Dr. Herbie used his Navy stipend to invest in his first stock at age 18 and developed an unshakeable devotion to investing forever afterward. “You take what you earn with the sweat of your brow, and then you take a percentage of that and you invest it in other people’s labor,” he said.

Dr. Herbie spotted the potential of Apple and Microsoft right away — investing in their IPOs — because he was an early computer user and inventor and understood the power of technology and patents.

After attending optometry school and setting up a South Florida practice, Dr. Herbie developed a series of patents around the tinting process for plastic eyeglass lenses. His success as an inventor in the optometry space led to the creation of a successful small business with 49 employees, Brain Power Inc., that generates $10 million a year in net income to this day.

For decades, Dr. Herbie used the cash flow from his business to add to his stock investments year after year, similar to how Warren Buffett reinvested the “float” from Berkshire Hathaway’s insurance company holdings.

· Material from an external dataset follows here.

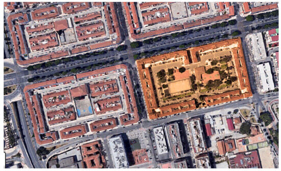 The rail workers’ dwellings were located near the railway stations and other facilities crucial for the operation of the railway, such as workshops and locomotive depots. Any statement to the contrary would be surprising since, on the one hand, with its land, the railway company RENFE could make a new allocation for this use at little cost, and, on the other hand, the proximity to the workplaces continues to be a highly valued advantage, both by companies and by workers. Otherwise, travel costs would negatively penalize the option of new homes. Thus, most of the houses built in the period studied were built on railway land, as we have seen above. Although, at present, within the urban landscape, the spaces are only sometimes identifiable as railways since the environment has been wholly reclassified and the houses have been integrated into the neighborhoods. The homes built by RENFE in the Plaza de Embajadores in Madrid or on the Paseo de la Alameda in Valencia may lead to the mistake of thinking that they were land acquired by companies for this purpose, but this is different. However, they were spaces that already had an old railway use. Thus, in the case of Madrid, it was the transit area of the link line between the Mediodía station (Atocha) and the North station (Príncipe Pío), with a link to the Delicias station, so when the renovations of use in this area began, where the Peñuelas and Paseo Imperial freight stations were also located, the reallocation of use proved relatively easy for the railway company. In Valencia, the Alameda buildings were next to the old station of the Central de Aragón Company, which connected the Levantine capital, through Sagunto, with Teruel and Calatayud, so that, when a large part of the railway services began to be deactivated at this point, the installation of housing was quite logical. Nowadays, both spaces are not easy to identify as being used by rail and are located in an urban area of some prestige. Another example would be that of Sevilla, especially in the neighborhood of San Jerónimo, in the north of the city, which we have also mentioned, the point where the main line arrived, which, through the Guadalquivir Valley, connected Sevilla with Madrid, and where workshops and depots for steam and diesel traction locomotives were also installed. Today, there is hardly any evidence of steam workshop warehouses, semi-abandoned and unused, so the successive housing developments of RENFE and railway cooperatives are not easily assimilated into their railway past. In addition, as in these and other cases, together with the construction of housing for its employees or the transfer of land for the cooperatives, RENFE also agreed with the municipalities to exchange land for other housing developments of the INV or social equipment, integrating everyone into the new neighborhoods created. As happened in San Cristóbal de los Ángeles, in the vicinity of the workshops of Villaverde Bajo, on the other side of the tracks, where the city of Madrid widened, there RENFE built a significant housing development that was to benefit above all the workers of the Central Repair Workshops (TCR) of Villaverde. RENFE also agreed to develop other services, where an agreement was reached with the Madrid City Council to cede land for the construction of other homes and a public school (Figure 11).

He never wanted to run a big or complicated operation. One of his main motivations was having time for what’s truly important. “My thing is,” Dr. Herbie told Forbes, “I wanted to be able to have free time. To me, having time is the most precious thing.”

He also had an attitude of giving back, right from the very start. Dr. Herbie has given away more than $100 million to public universities and various causes, and ultimately plans to give away half his fortune. He started a family foundation decades ago, in 1977, before amassing serious wealth.

“Why did we start a foundation? I just thought at the time it was a good idea,” he said. “It’s not that I had a lot of money. I don’t believe it’s what you have, but what you do with what you have.”

Many aspects of Dr. Herbie’s story can’t be replicated. But then again, nor do they have to be. If the average investor could achieve, say, just one-half of 1 percent of Dr. Herbie’s success, that would imply a retirement nest egg larger than $10 million — enough to retire well for most any American.

And again, it is Dr. Herbie’s attitude and approach to investing, and to life itself, that really stands out.

His hardscrabble childhood, his early struggles with dyslexia, and a tough home life could all be seen as bad breaks. But those experiences likely contributed to his ultimate ability to think long-term, to control his emotions, and to stick with a plan and believe in himself.

Keeping a small fortune can be harder than making one. Growing a small fortune into a large one, over many decades, is harder still.

As a result, if other investors could emulate Dr. Herbie’s skills, it wouldn’t be his stock picking abilities or his technology patent prowess that made the biggest contribution. It would be his winning mindset, his ability to control emotions and act without fear, and his ability to stick with a logical long-term plan.

At TradeSmith, capturing this behavioral magic — though of course it isn’t actually magic — is one of our most important goals.

All investors can learn to develop a winning mindset, to stick with a long-term plan, and to make rational investment decisions backed by math, logic, and science. Making that happen, and empowering individual investors as a result, is the mission and vision behind our software.

Dr. Herbie is an example of what’s possible when a lifetime of wise investing choices comes together.